How do we look for the lowest price in each iteration? Since we’re dealing with an unordered list, we have to loop through the list of available prices to find it. Since we have N items, we’ll loop over each item N times, resulting in a time complexity of O(n^2). This is far better than the brute force O(2^N) approach.

Note: Items can’t be partially purchased. Their price must be fully covered by the remaining budget. For example, if you have \$5 remaining, you can’t buy a \$10 item. This is an edge case to test for.

### Optimize by sorting

Instead of searching for the lowest price each iteration, we can optimize by sorting the list of prices in ascending order. We’ll use a built-in sorting function.

This means when we’re looping through the prices, we’re always dealing with the lowest available price. When we can’t buy an item, we know we can’t buy any of the remaining items either, so we can exit early.
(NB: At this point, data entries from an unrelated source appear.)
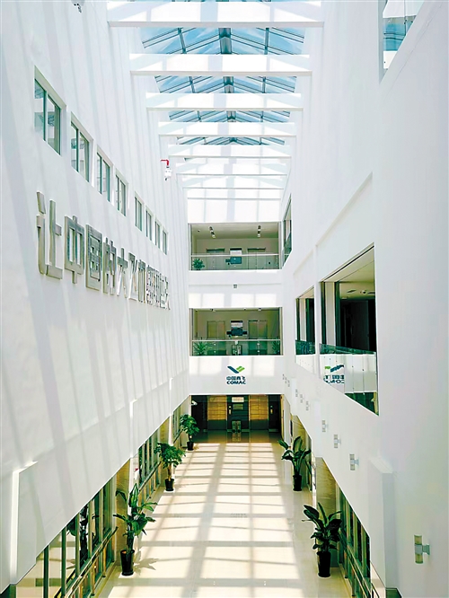 客服公司培训大楼中庭,阳光映照“让中国的大飞机翱翔蓝天”,光影所至,皆是奋进之力。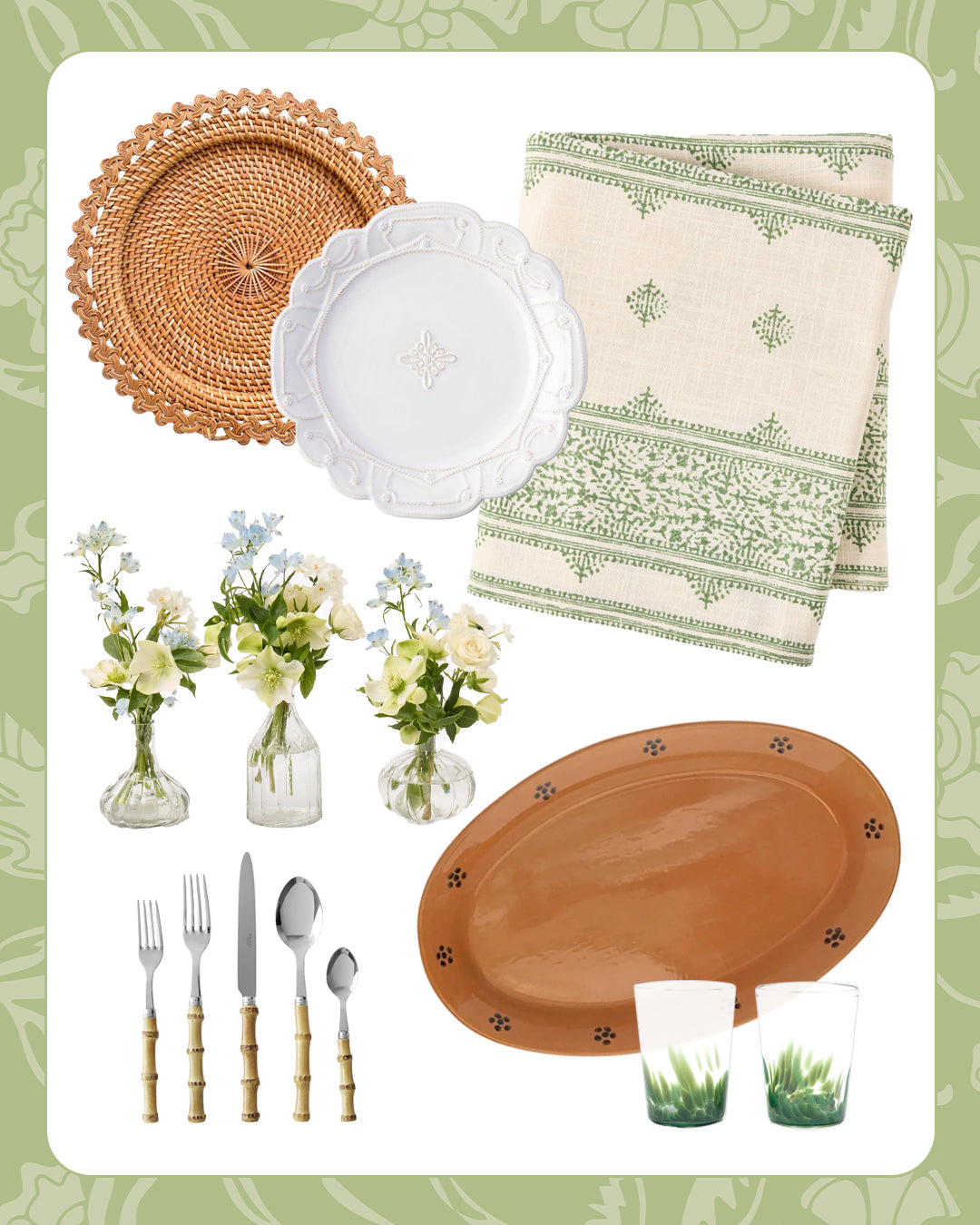 Natural textures and fresh greenery bring an effortless charm to outdoor dining. Layer woven elements with classic white serving pieces for a table that feels relaxed yet refined. This terracotta platter adds warmth and character, while simple glassware and fresh florals keep the setting light and inviting.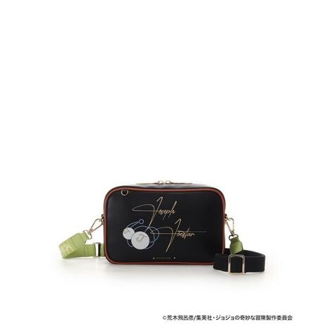 ◇SAMANTHAVEGA(サマンサベガ)のアニメ『ジョジョの奇妙な冒険 戦闘潮流』「ジョセフ・ジョースター」コラボコレクション ショルダーバッグサマンサベガから、アニメ『ジョジョの奇妙な冒険 ファントムブラッド』コラボコレクションとアニメ『ジョジョの奇妙な冒険 戦闘潮流』コラボコレクションが初登場!物語に登場する「ジョナサン・ジョースター」、「ディオ・ブランドー」、「ジョセフ・ジョースター」、「シーザー・A・ツェペリ」、「カーズ」の5キャラクターそれぞれをイメージしたバッグ、折財布、バッグチャームと、物語のキーアイテムでもある「石仮面」、「エイジャの赤石」をモチーフにしたバッグチャームの全17アイテムがラインナップ。▽デザイン・表には「ジョセフ・ジョースター」のサインと、技であるクラッカーヴォレイで使用するアメリカンクラッカーをデザイン。・背面には、“JOJO”のロゴと物語のキーアイテムである「エイジャの赤石」のシルエットの総柄をプリントしました。・背面デザインされた、物語に出てくる瓶の蓋をイメージしたオリジナルの金具がポイントです。・ショルダー部分は、「ジョセフ・ジョースター」マフラーの柄をイメージしたデザインです。▽機能性・表と裏のデザインが違うのでスタイリングに合わせて使用できます。・天ファスナー付きで仕切りのない内装で使いやすさ抜群です。・薄マチ前ポケット付きで、スマートフォンや小物など収納いただけます。【対応しているもの】・長財布・ペットボトル500ml/横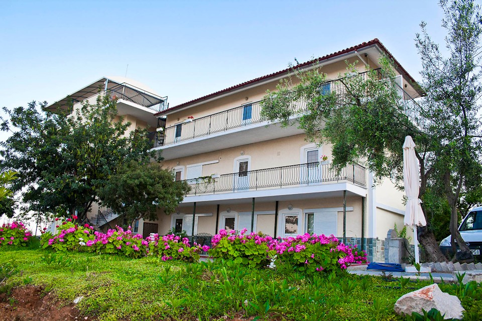 The building is located in a quiet position on a small hill not far from the center of the village and the shops offering a panoramic view to the surrounding islands of Tolo and the further island of Spetses. The distance to the beach is 150 m. Modern accommodation with impressive and qualitative furniture offering a luxurious atmosphere. Spacious balconies and verandas, garden with trees and flowers. Roof-terrace with small swimming pool for relaxing and romantic vacations! Laundry service free of charge for guests staying more than 7 nights.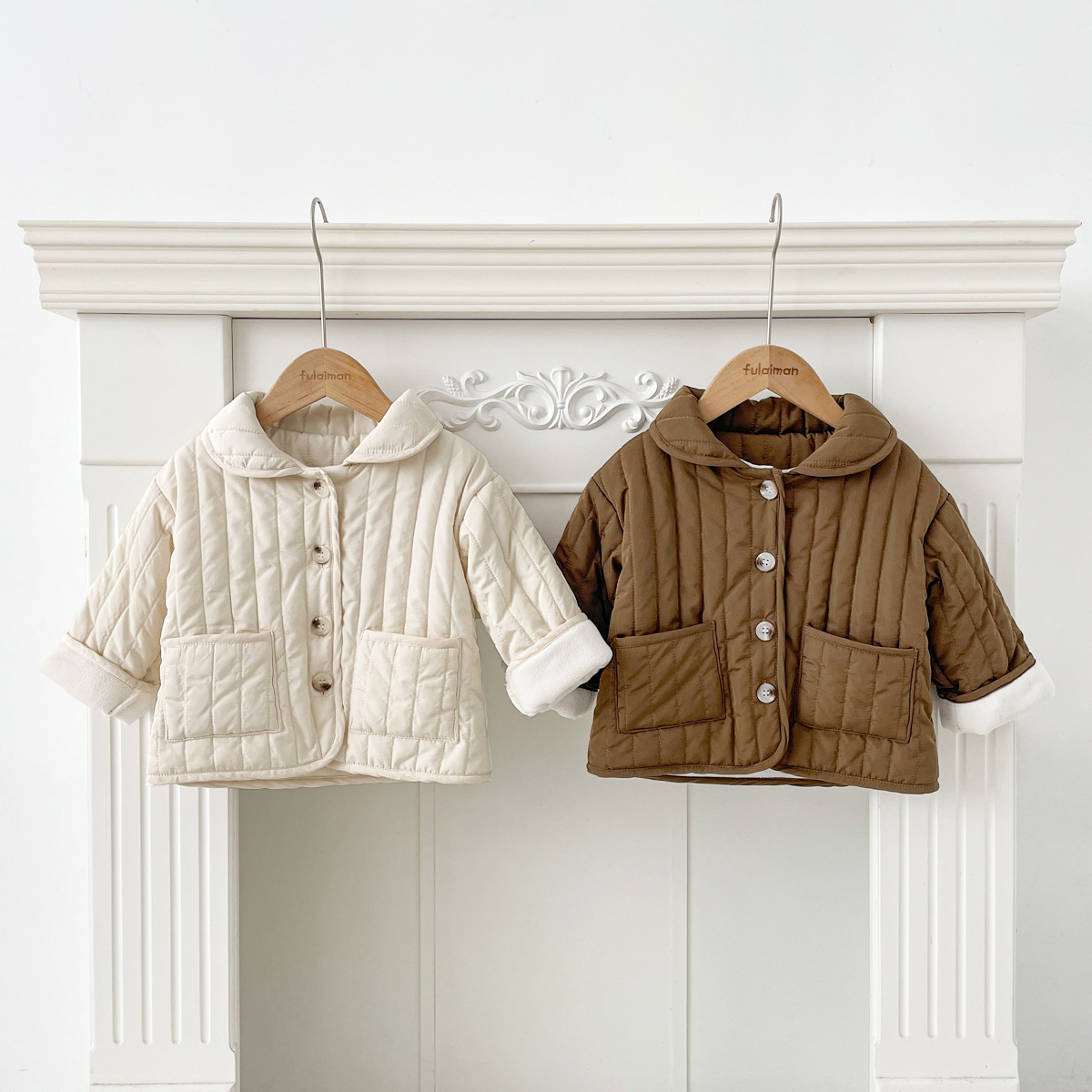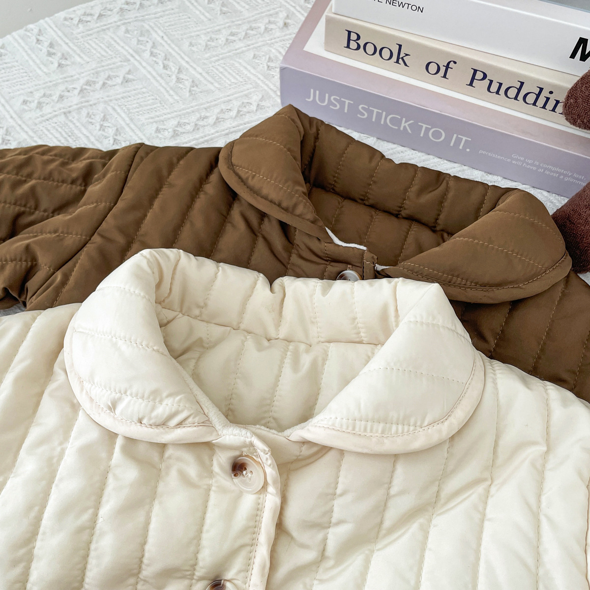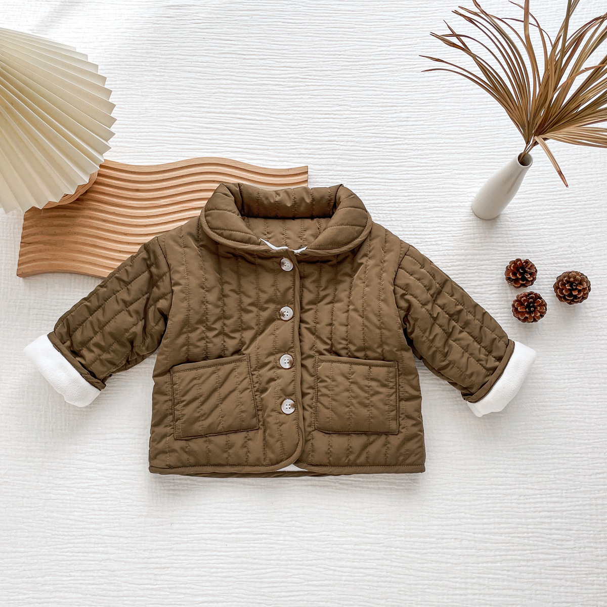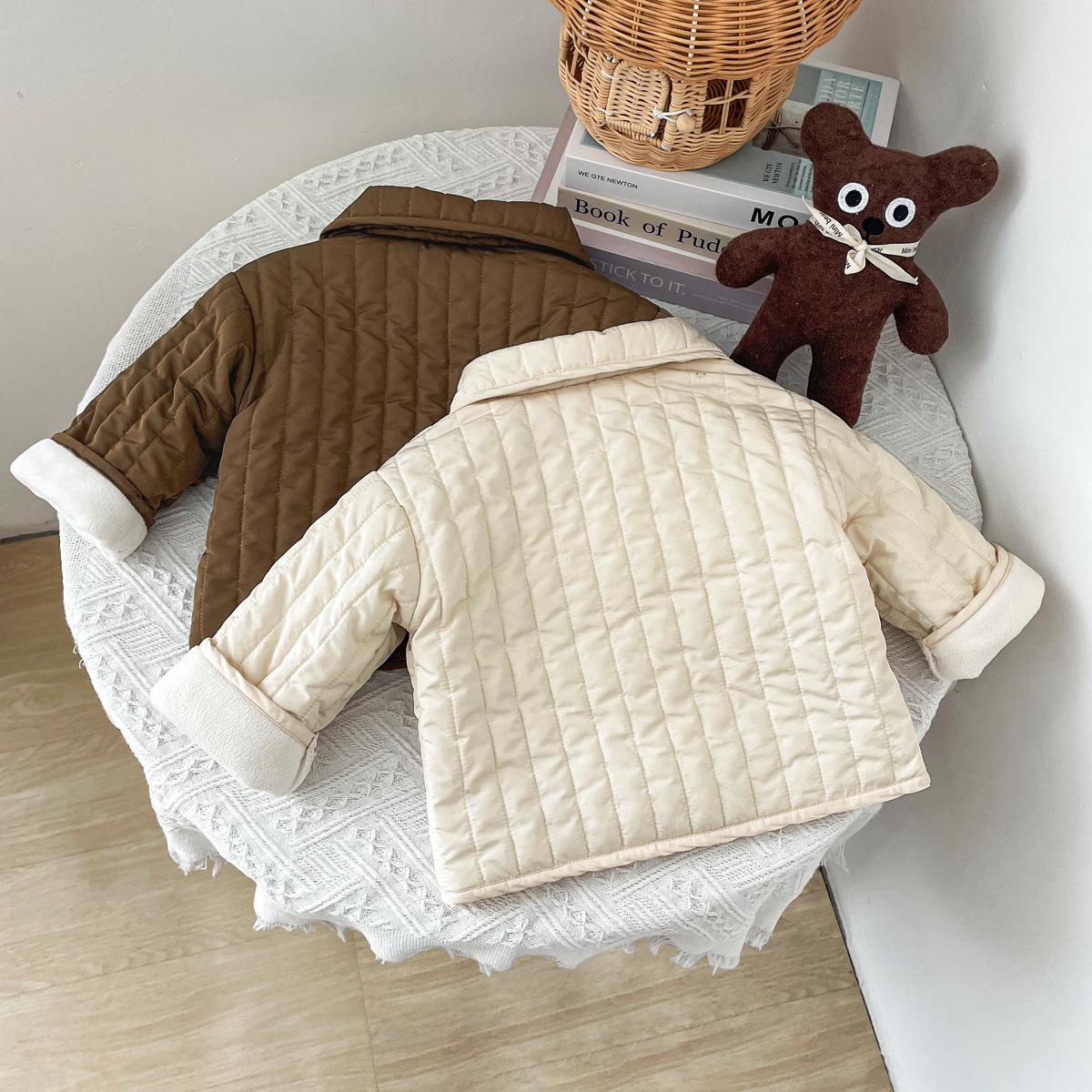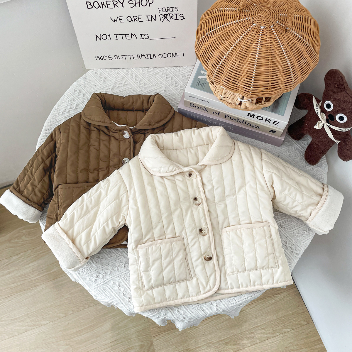 한국 스타일의 가을과 겨울 아기 기모 면화 패딩 코트 2023 어린이의 단색 옷깃이 두껍게 따뜻한면 패딩 코트 패션스토어 가기

Sorting has a worst case time complexity of O(N log N). After sorting, we simply have to loop through the prices until the budget runs out. This means we only have to loop over the items once – a time complexity of O(N).

At the end our algorithm now has a time complexity of O(N log N) (you only keep the highest term in Big-O). This is an order of magnitude improvement over the unoptimized O(n^2) approach.

Not only does sorting improve the performance, but it simplifies the logic (because we no longer have to explicitly manage item availability). Sorting can be used like this to simplify problems.

## Code

Now we can implement the optimized greedy algorithm approach discussed above.

### Algorithm

Here’s the code.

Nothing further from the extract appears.